GEO Profiles stores individual gene expression profiles, providing a ‘gene-centric’ perspective of GEO data. The query interface is accessible from the GEO homepage or directly at http://www.ncbi.nlm.nih.gov/entrez/query.fcgi?CMD=search&DB=geo.
Thus, each DataSet entity defines a single experiment in GEO DataSets, and each DataSet parents a multitude of profile entities in GEO Profiles (Figure 1).
RETRIEVAL, QUERY AND ANALYSIS
Basic retrieval
There are several ways and formats in which GEO data may be retrieved:
Individual Platform, Sample, Series and GDS records can be accessed directly on the Web via their GEO accession number. Related records are intra-linked on the GEO site, such that one may conveniently navigate to associated Platform, Sample, Series and GDS records.

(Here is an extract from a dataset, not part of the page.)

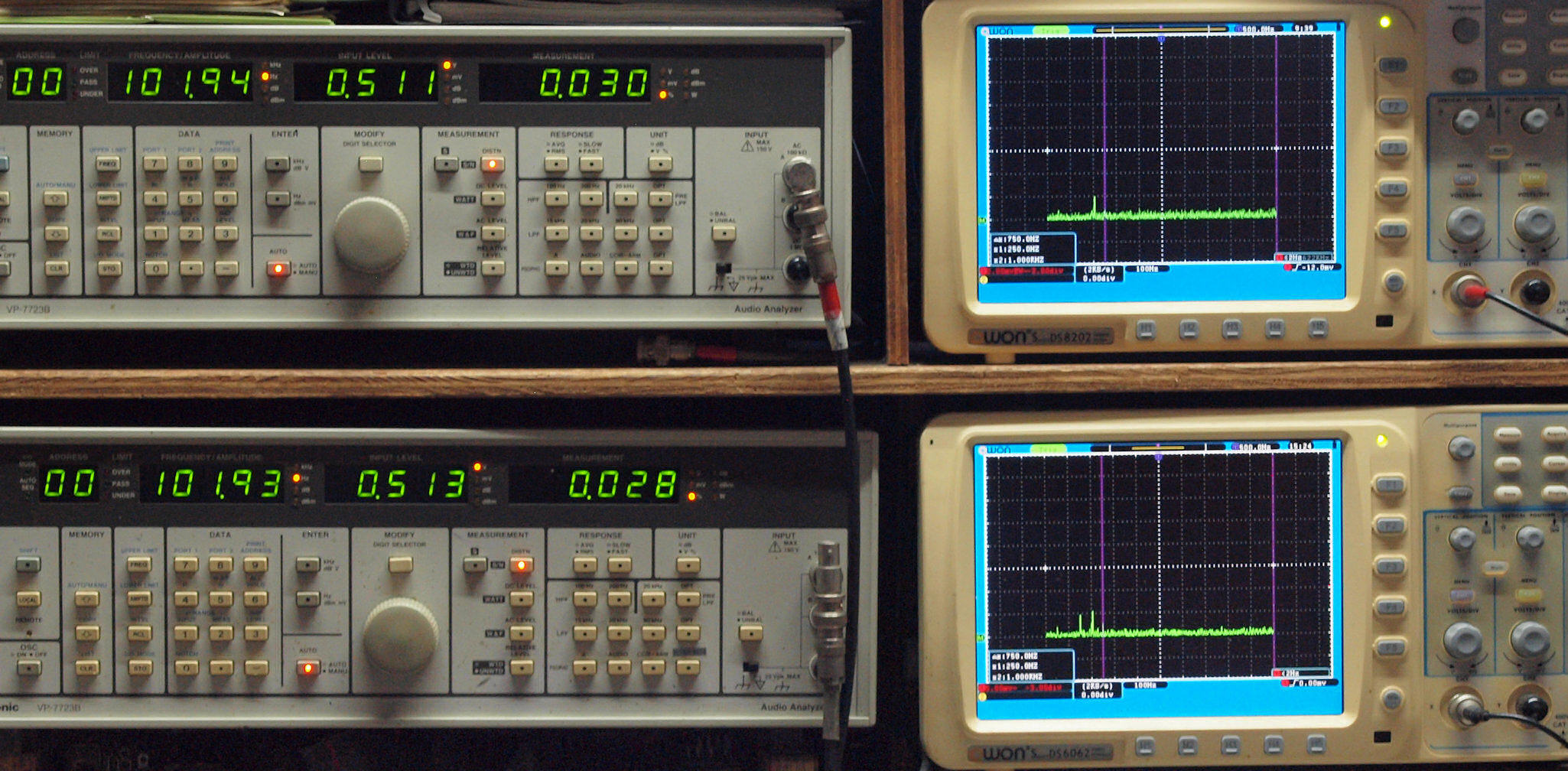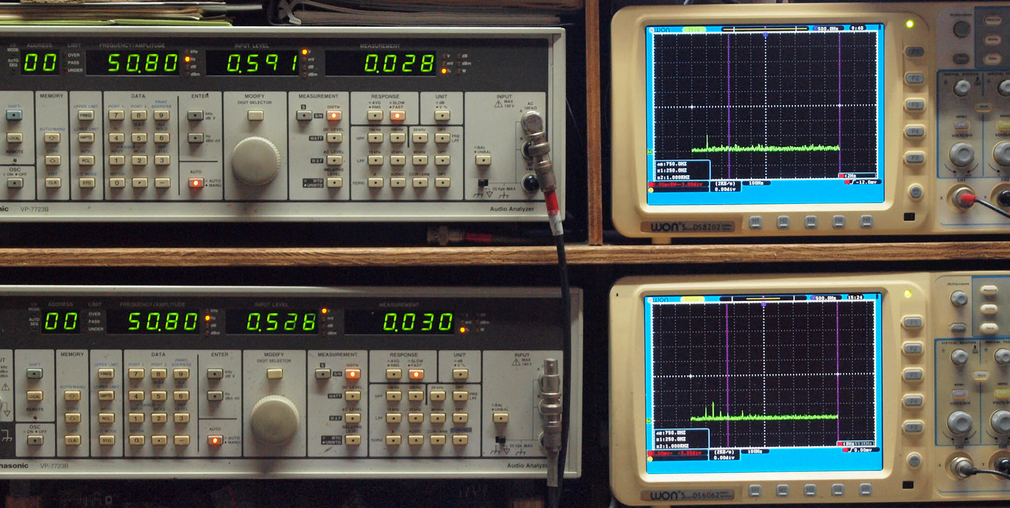 上段右端 VP−7723Bの基本波除去出力を「owon SDS8202(200MHZ)」で「FFT分析」表示。

GDS records may be browsed by title, type, Platform or organism at http://www.ncbi.nlm.nih.gov/geo/gds/gds_browse.cgi. User-submitted records may also be browsed by category or submitter.

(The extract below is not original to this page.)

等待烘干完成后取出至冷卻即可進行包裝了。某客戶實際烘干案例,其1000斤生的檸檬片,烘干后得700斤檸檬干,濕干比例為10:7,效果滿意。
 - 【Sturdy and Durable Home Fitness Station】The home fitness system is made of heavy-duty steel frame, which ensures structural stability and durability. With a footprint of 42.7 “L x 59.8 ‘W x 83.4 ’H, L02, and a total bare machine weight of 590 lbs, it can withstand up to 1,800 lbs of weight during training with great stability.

All user-submitted records, GDS value matrices with annotation, and raw data are available for bulk download via FTP. User-submitted records are grouped as compressed Series and Platform ‘family’ files, which incorporate all related accessions. Equivalent files are available for individual download from each record on the Web.
Query and mining
Effective searches may be accomplished by querying Entrez GEO DataSets and/or Entrez GEO Profiles. As with other NCBI Entrez databases (5), both trivial and sophisticated query and mining is achieved using Boolean phrases that may be restricted to, or combined with, a number of supported attribute fields.
Experiments of interest may be located by searching GEO DataSets for attributes such as experimental variable information, technology type, author, organism or any text keywords from the GDS description or original submitter-supplied Sample and Series records. For example, all dual channel nucleotide microarray experimental DataSets exploring metastasis in humans can be located using the query ‘dual channel[Experiment Type] AND metastasis AND human[Organism]’. Retrievals display the DataSet title, a brief experiment description, taxonomy, experimental variable types and links to the parent Platform, reference Series record and the complete GDS record. Once a relevant DataSet has been identified, users may go on to further explore that experiment either by taking advantage of the various supplementary tools on the GDS record page (Figure 2C) or by restricting subsequent GEO Profiles searches to that DataSet.
The elemental unit in GEO Profiles is a gene, sequence or other reporter molecule, and its traced behavior along the measured conditions of the experiment, hence a ‘profile’. GEO Profiles are annotated in accordance with concurrent Entrez Gene and UniGene resources, and may be queried for attributes such as gene name, GenBank accession number, SAGE tag, GDS accession, DataSet description or profiles flagged as having significant effects with regards to specific experimental variables. For example, the query ‘Type 1 diabetes[GDS Text] AND apolipoprotein[Gene Description] NOT Homo sapiens[Organism]’ retrieves all apolipoprotein-related gene profiles in Type 1 diabetes-related datasets in organisms other than human. Query results display reporter annotation, brief experimental information, taxonomy and a bar-graph thumbnail image of the profile (Figure 2A). The thumbnail images are helpful for rapid batch profile scanning and comparison. A click on a thumbnail reveals the profile details (Figure 2B). Gene expression values extracted from original sample records are represented by red bars. Blue bars represent intra-sample percentile rank information, providing an indication of the relative expression level of that gene compared to all other genes on the array. Experimental structure is reflected in subgroup labels along the bottom of each chart allowing even complex experiments involving multiple and overlapping subset types to be clearly visualized. Standard GEO Profile retrievals are ordered according to subset effect flags by default, bringing potentially significant and interesting profiles to the fore. However, users may select alternative sorting schema based on mean value, deviation or outliers.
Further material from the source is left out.